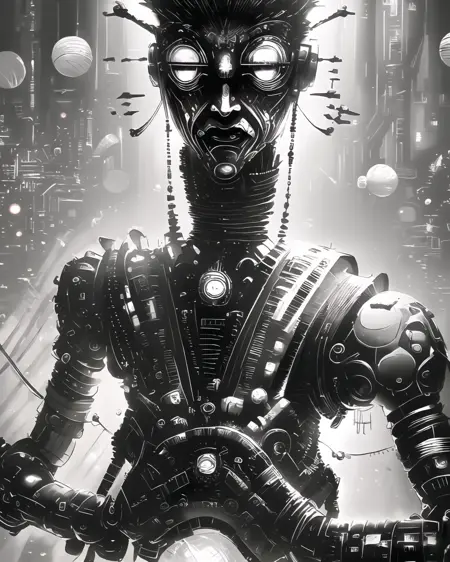 Adorned with intricate, sinister embellishments of metallic allure, the TechnoballX embodies both fascination and apprehension in a society ruled by technological supremacy and imminent collapse.
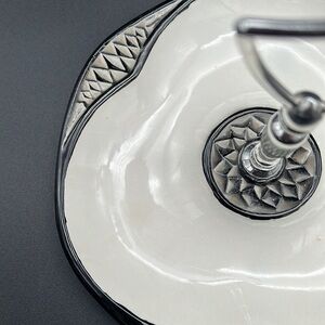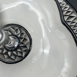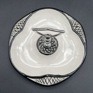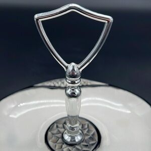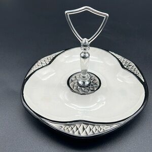 This has a nice retro pattern of diamonds outlined in black as well as in the center. It has a silver stem handle in the middle of dish.
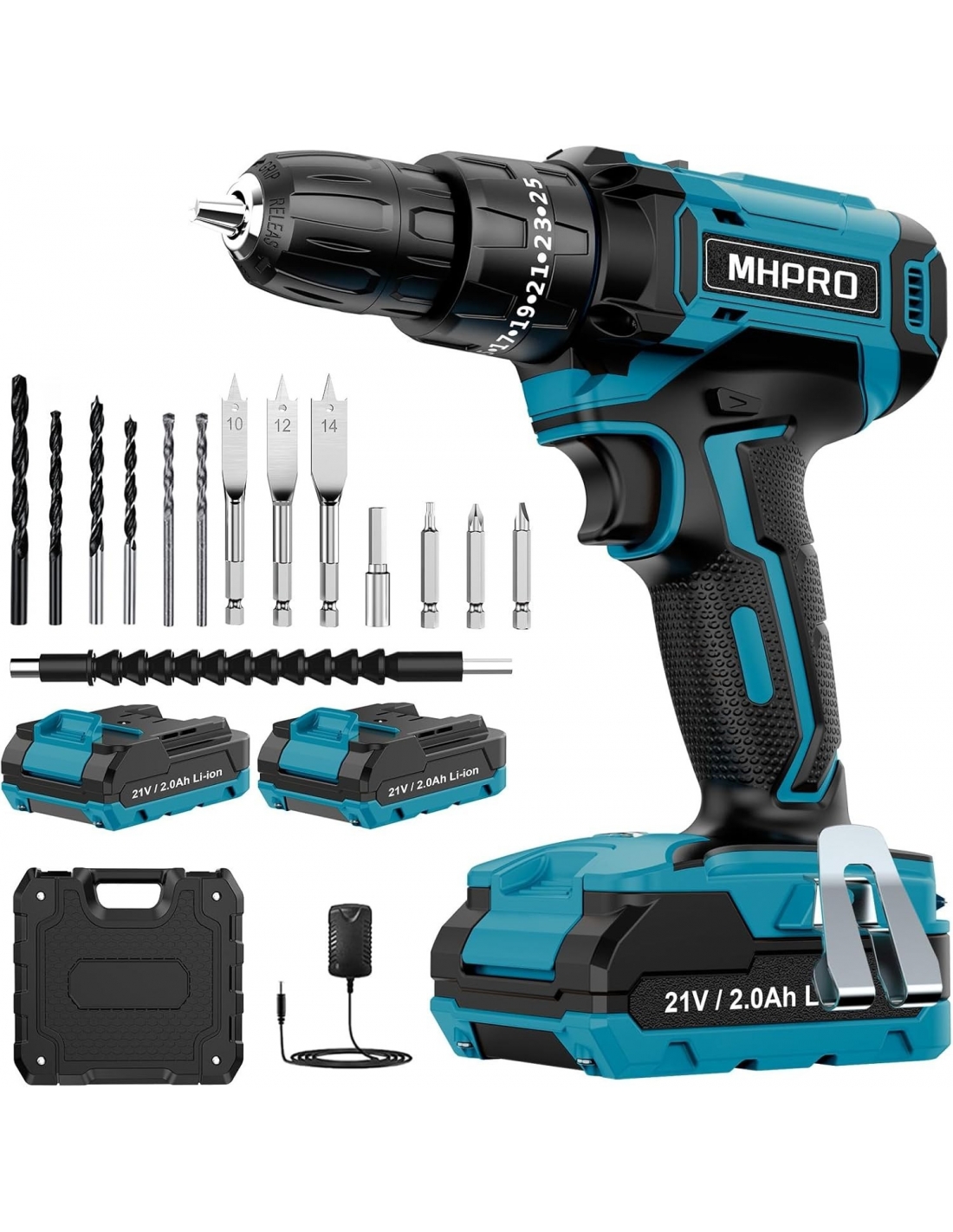 MHPRO Trapano Avvitatore Batteria 21V, con 2 Batterie da 2.0Ah
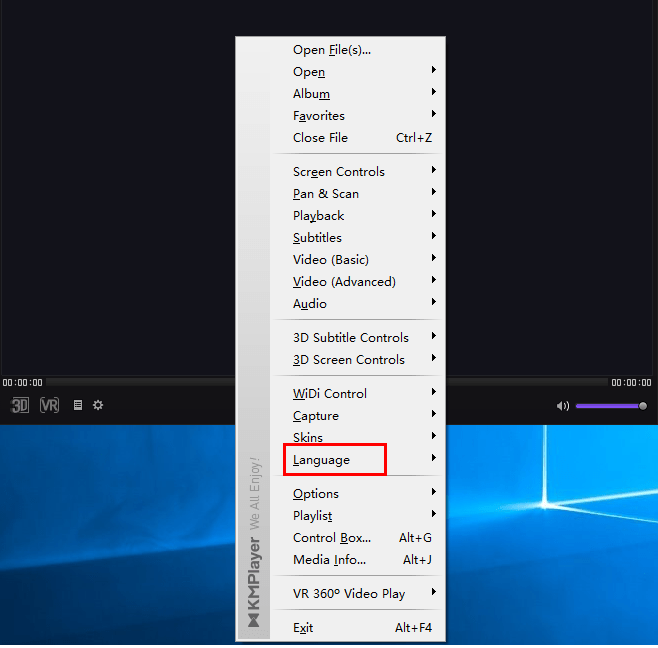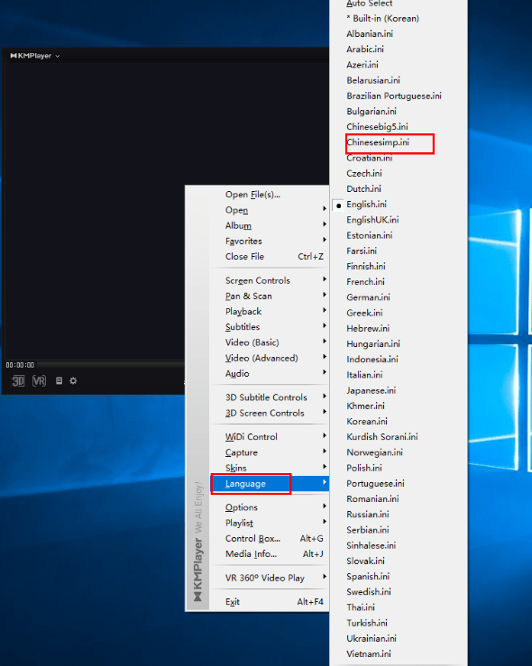 2、鼠标右击播放界面,我们在选项卡中选择“language”的选项。随即,在language的语言列表中选择“chinesesimp.ini”。
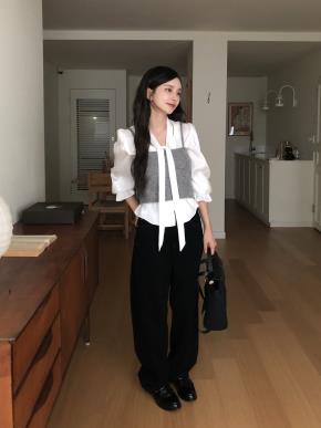 スリムレイヤードストラップボタン長袖アンサンブルカーディガンビスチェ
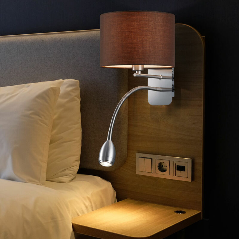 Descrizione Elegante lampada da parete con braccio girevole flessibile per un uso confortevole. La staffa della lampada da parete e il braccio di lettura sono in argento. Combinata con un paralume in tessuto marrone, la lampada ha un aspetto sottile e senza tempo. Entrambe le sorgenti luminose possono essere accese separatamente e possono soddisfare esigenze diverse. Il braccio di lettura flessibile consente un orientamento mirato della luce e può essere regolato in base alle proprie esigenze. Idealmente, la lampada trova posto nella camera da letto accanto al letto, perché la lampada è ideale come lampada da lettura e da comodino grazie alla combinazione della piacevole luce del paralume in tessuto e del braccio flessibile orientabile. Una lampadina a LED è già installata nel braccio orientabile della lampada! Particolare lampada • Tipo di apparecchio: lampada da parete • Materiale: metallo, tessuto • Colore: marrone, argento • regolabile • commutabile separatamente • Grado di
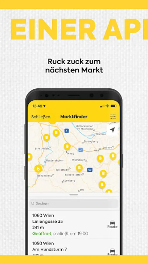 The next BILLA store is sure to be very close! With our market finder, thanks to GPS, all markets in the vicinity are displayed. The address, telephone number and current opening times of each market can also be found here. There is also information on whether there are parking spaces and electric charging stations.
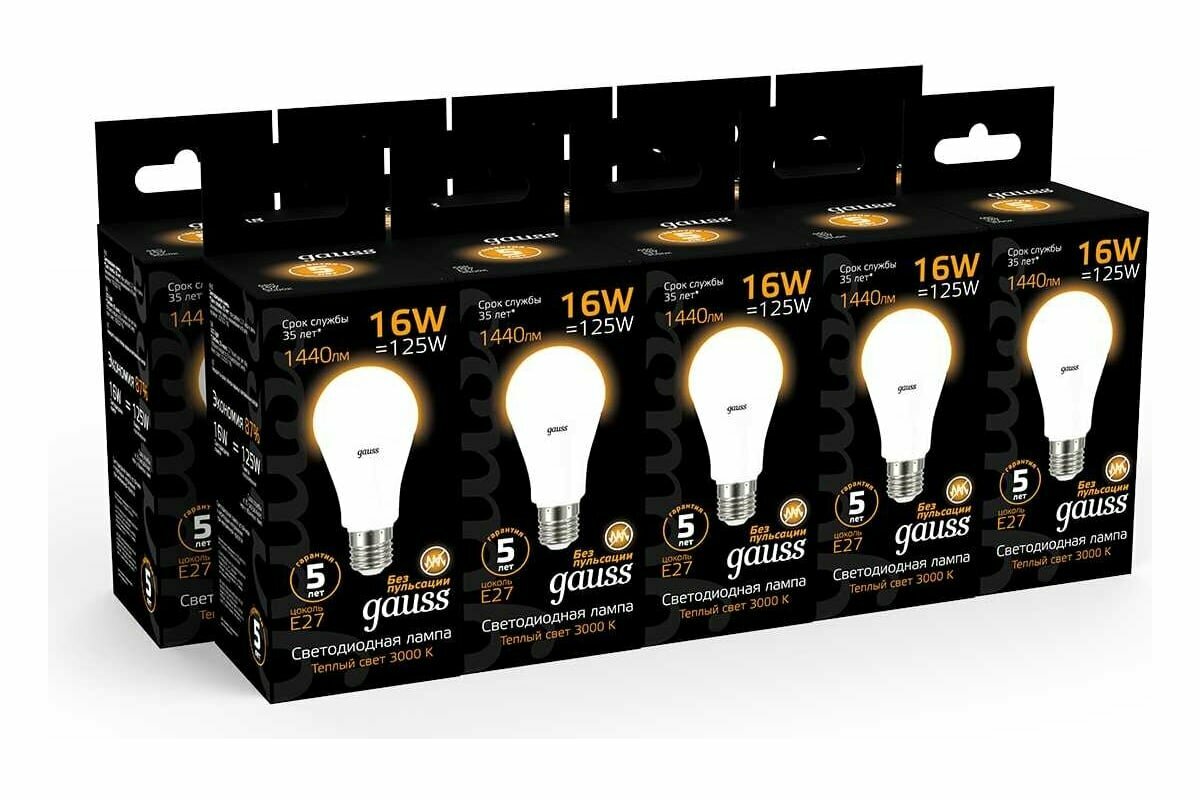 (5 шт)Лампа Gauss A60 16W 1440lm 3000K E27 LED
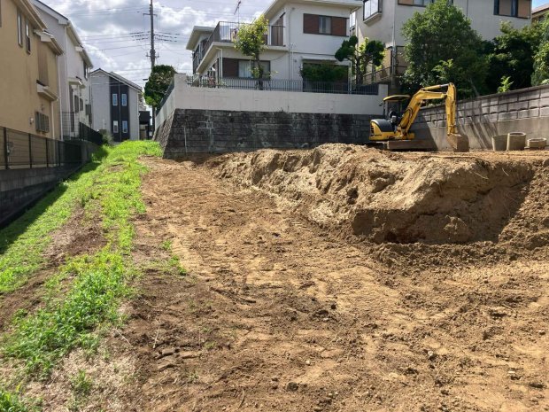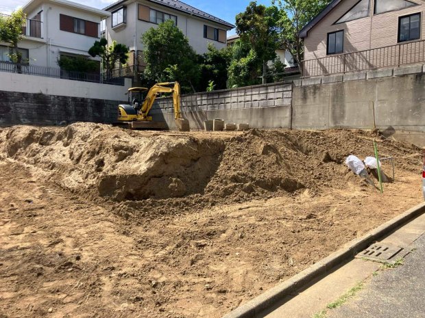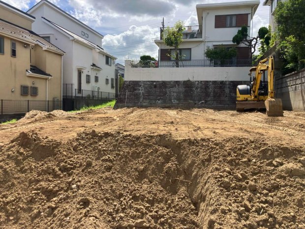 新築では、このままの状態だと戸建の建築が難しい土地があります。その場合、建物を建てる前に土地を整えるための工事が必要です。これが『先行造成工事(一期工事)』と言います。
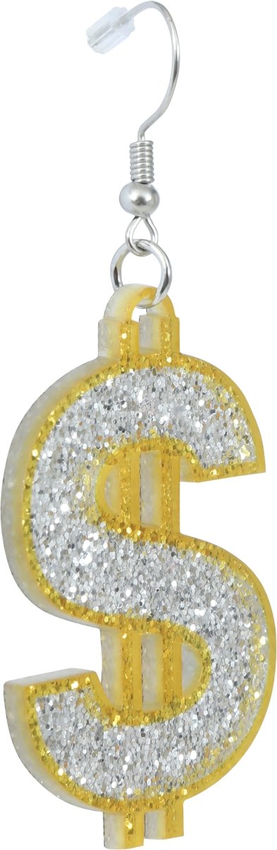 Lisää asuusi ripaus hauskuutta ja glamouria näillä silmäänpistävillä dollarikorvakoruilla. Ihanteelliset naamiaisjuhliin, karnevaaleille, festivaaleille tai vain silloin, kun haluat silmiinpistävän yksityiskohdan.
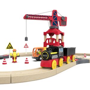Trenino in Legno – Cantiere con Gru – 58 Pezzi
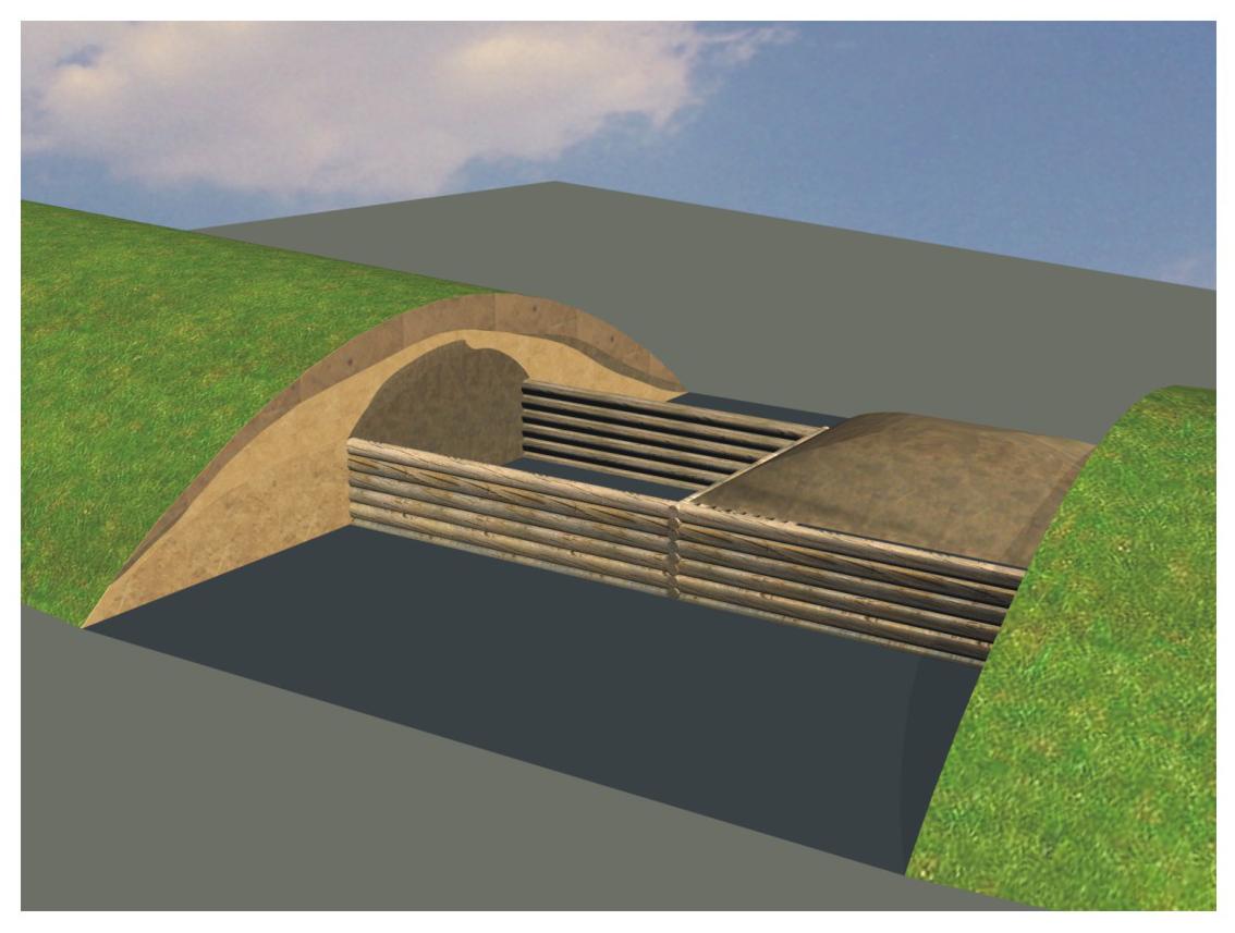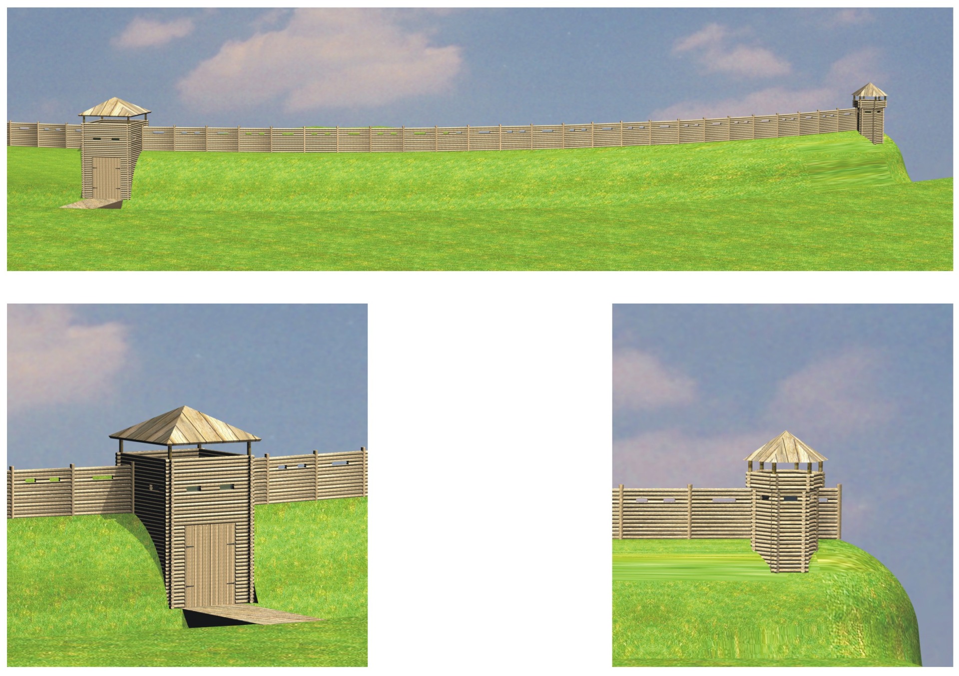 Оборонительная система Важнангерского (Мало-Сундырского) городища В первых исторических упоминаниях о Сундырской горе в XIX в. достаточно красноречиво описаны остатки земляных оборонительных укреплений: «…укрепление начинается первоначально с западного края горы, едва приметным рвом, сравнявшимся с землей, который, простираясь на юг, становится значительнее, а далее всю южную сторону, примерно на четверть версты, огибает полукругом земляной вал, вышиною местами аршина в два, а ров глубиною более аршина, идет рядом за валом, и достигают они оба до северного края горы, совершенно их отсекающей своим крутым утесом к волжской стороне; самая середина вала и рва перерезана: по всей вероятности, существовали тут ворота, или какое-нибудь другое отверстие для вылазок» (Михайлов С. М. 1972а. С. 34). За столетие вал оплыл, не так четко фиксируются отдельные детали насыпи, но все же остатки оборонительной системы в виде земляного вала с проездом, рва с напольной стороны и очень слабой ложбинки со стороны мыса заметны и в настоящее время.

What is expected: Within the listing above, copy exactly the lines that start at the one with "Lisää asuusi ripaus" and continue through the one with "Trenino in Legno". Omit pictures.

Result of this exercise:
 Lisää asuusi ripaus hauskuutta ja glamouria näillä silmäänpistävillä dollarikorvakoruilla. Ihanteelliset naamiaisjuhliin, karnevaaleille, festivaaleille tai vain silloin, kun haluat silmiinpistävän yksityiskohdan.
Trenino in Legno – Cantiere con Gru – 58 Pezzi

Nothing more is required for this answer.